A bimetal element 19 is provided and includes a pair of longitudinally extending arms 20 and 21, joined by a return-bent portion 22. The distal end of arm 20 is securely attached to the tab 16 of member 6. A bifurcated yoke or armature 23 is attached to the distal end of arm 21 and has a pair of spaced generally parallel fingers 24 and 25. The fingers 24 and 25 are positioned to engage a pair of spaced stops 26 and 27, which are formed to extend outwardly from the base 2.

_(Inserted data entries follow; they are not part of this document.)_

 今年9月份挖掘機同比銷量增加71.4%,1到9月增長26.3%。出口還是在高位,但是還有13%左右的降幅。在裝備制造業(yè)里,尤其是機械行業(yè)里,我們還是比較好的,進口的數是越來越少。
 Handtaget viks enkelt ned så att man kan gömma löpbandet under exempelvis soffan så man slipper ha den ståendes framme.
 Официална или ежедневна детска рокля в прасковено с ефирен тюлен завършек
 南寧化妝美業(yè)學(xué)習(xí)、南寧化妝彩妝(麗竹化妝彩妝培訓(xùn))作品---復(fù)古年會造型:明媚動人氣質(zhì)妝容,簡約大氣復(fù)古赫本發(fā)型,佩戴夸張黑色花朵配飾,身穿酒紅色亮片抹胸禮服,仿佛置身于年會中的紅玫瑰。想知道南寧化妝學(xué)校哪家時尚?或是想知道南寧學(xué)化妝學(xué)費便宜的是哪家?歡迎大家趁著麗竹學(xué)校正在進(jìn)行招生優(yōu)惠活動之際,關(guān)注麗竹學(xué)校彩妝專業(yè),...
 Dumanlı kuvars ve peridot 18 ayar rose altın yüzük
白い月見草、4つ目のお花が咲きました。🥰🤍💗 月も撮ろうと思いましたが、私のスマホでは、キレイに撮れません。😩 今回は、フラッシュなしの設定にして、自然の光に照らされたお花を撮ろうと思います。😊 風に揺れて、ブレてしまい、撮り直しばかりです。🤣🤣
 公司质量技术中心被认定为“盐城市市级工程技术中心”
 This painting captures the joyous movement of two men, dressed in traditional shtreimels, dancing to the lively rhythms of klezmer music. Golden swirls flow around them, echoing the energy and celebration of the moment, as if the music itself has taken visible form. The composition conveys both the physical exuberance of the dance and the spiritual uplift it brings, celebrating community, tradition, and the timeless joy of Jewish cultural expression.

The arms 20 and 21 are generally parallel although, in certain circumstances, they may either converge or diverge slightly, depending on the prestressing of the bimetal and its temperature. As the cam 12 is rotated so that end 14 of member 6 moves in an arcuately clockwise direction, the tab 16 carries the entire bimetal assembly with it until the finger 24 engages the stop 26. Further clockwise movement of the member 6 will cause the distal ends of the bimetal arms 20 and 21 to become divergent as the tab 16 continues to carry the end of arm 20 downwardly while the stop 26 restrains any further movement of the armature 23 end of the arm 21. This further movement builds up stresses within the bimetal 19 which must be overcome by a temperature change of the bimetal in order to cause it to move from the stop 26 to the stop 27.

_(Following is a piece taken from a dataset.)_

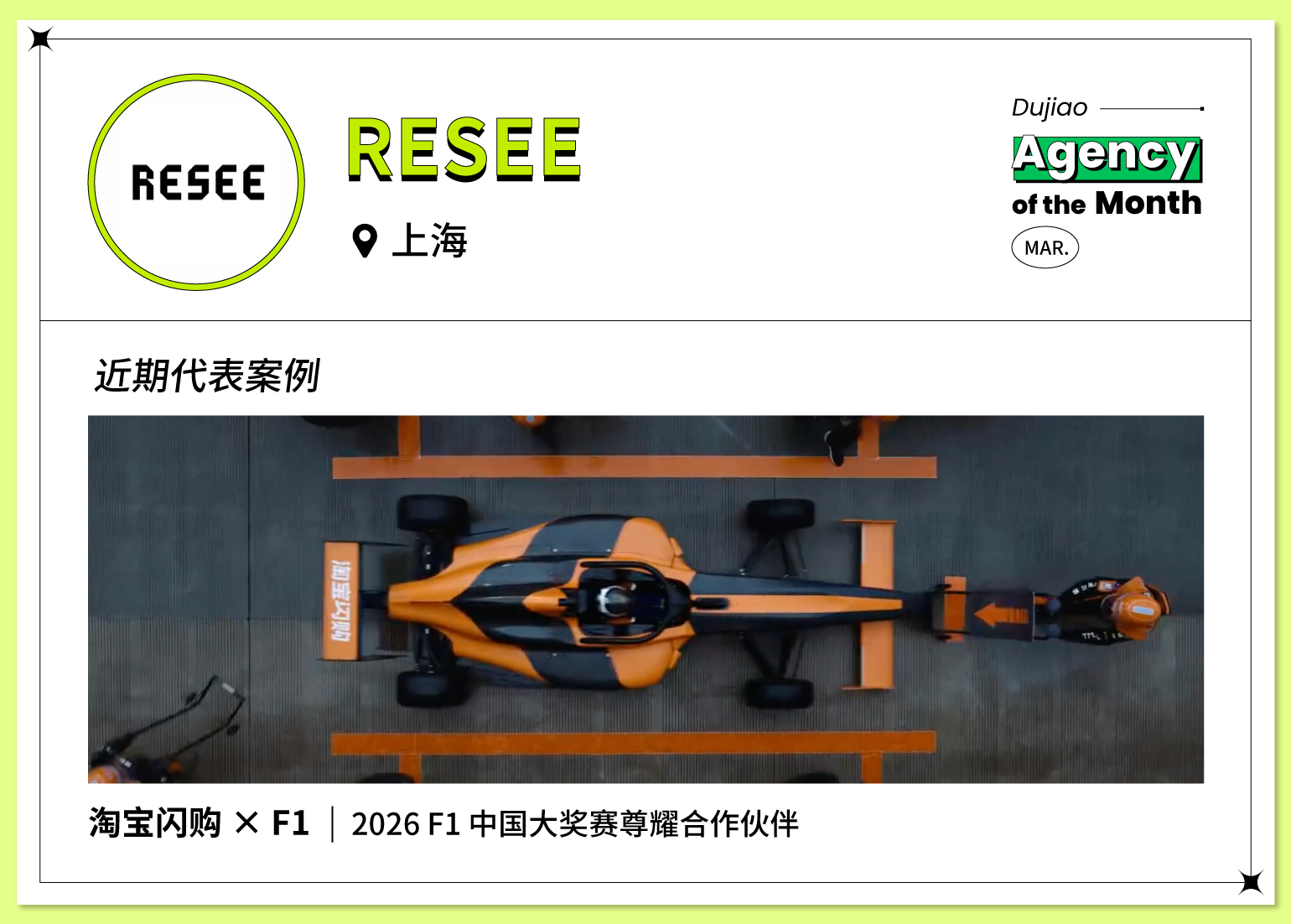 此前,因为骑手服橙黑配色与 F1 迈凯伦车队服高度相似,淘宝闪购就被网友建议直接与 F1 合作。3 月,淘宝闪购发布品牌广告,正式宣布成为 2026 F1 中国大奖赛尊耀合作伙伴,这背后的创意代理商正是 RESEE。他们将外卖骑士标志性的取餐与送餐过程,以及骑手间的相互协作,与 F1 最具标志性的 Pit Stop 换胎场景与结合,完成创意上的巧妙连接。短片通过目不暇接的画面助力淘宝闪购传递「更快」的品牌信息,成功借势 F1 赛事刷新用户的品牌认知。

In a similar manner counterclockwise movement of the elongated member 6 (as seen in FIG. 1) will move the entire bimetal assembly as a unit until the finger 25 comes into engagement with the stop 27. Additional counterclockwise or upward movement of the tab 16 and bimetal arm 20 causes the arms 20 and 21 to converge, as the end of arm 21 is restrained from further counterclockwise movement. This again creates stresses in the bimetal which must be overcome by a change in temperature of the bimetal in order to cause the bimetal to move to its other position, that is with finger 24 in contact with stop 26. Thus the stops 26 and 27, in conjunction with the fingers 24 and 25 of the armature 23, function to provide predetermined extreme positions for the fingers 24 and 25 and enable the bimetal to be prestressed so as to change the operating temperature of the control. In fact, the cover structure (not shown) normally would have a scale marked in degrees, for use with the cam 12 so that the user can know at what operating temperature the thermostat is set. The screw 11 serves as an adjusting means to precalibrate the thermostat so that it does in fact operate at the control temperature to which it is set. Thus the cam 12 sets the control temperature or control point for the bimetal 19.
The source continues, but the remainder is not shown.